Directions for this task: Look in the listing below for the line that has "Yew Wood? Natural", then return it and each following line up to and including the one with "日本映画大学が2月10日にイ", exactly and without pictures.

Records to use:
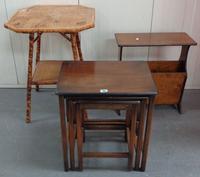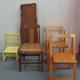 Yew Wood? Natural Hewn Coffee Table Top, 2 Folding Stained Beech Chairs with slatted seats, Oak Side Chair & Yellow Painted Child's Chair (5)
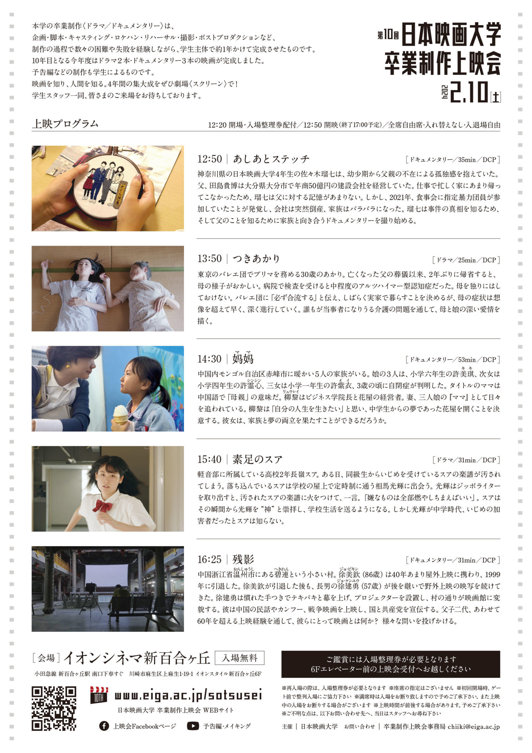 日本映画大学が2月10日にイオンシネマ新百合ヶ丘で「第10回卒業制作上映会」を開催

---

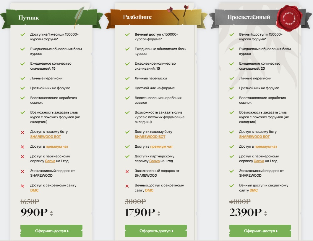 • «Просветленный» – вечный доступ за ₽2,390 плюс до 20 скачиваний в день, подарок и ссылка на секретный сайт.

---

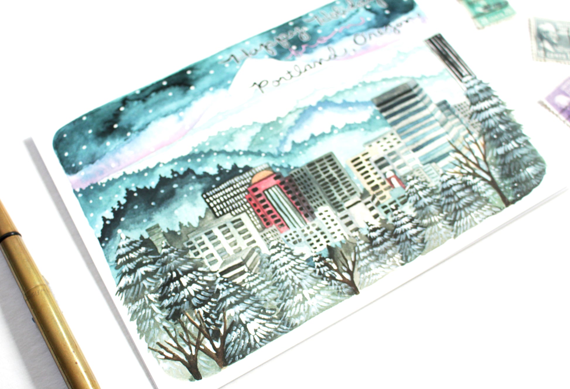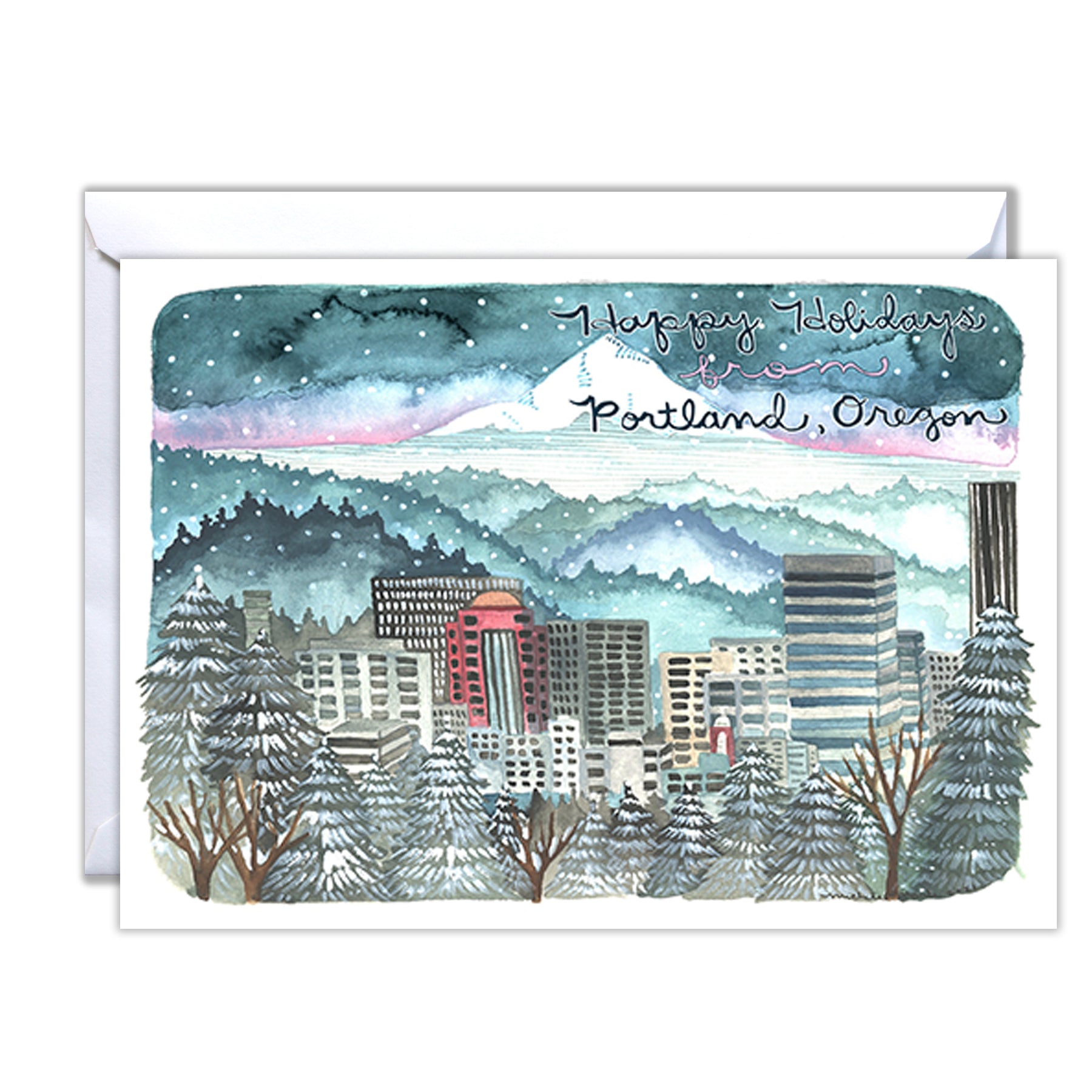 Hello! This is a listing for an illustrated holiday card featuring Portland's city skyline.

Answer to this exercise:
 Yew Wood? Natural Hewn Coffee Table Top, 2 Folding Stained Beech Chairs with slatted seats, Oak Side Chair & Yellow Painted Child's Chair (5)
 日本映画大学が2月10日にイオンシネマ新百合ヶ丘で「第10回卒業制作上映会」を開催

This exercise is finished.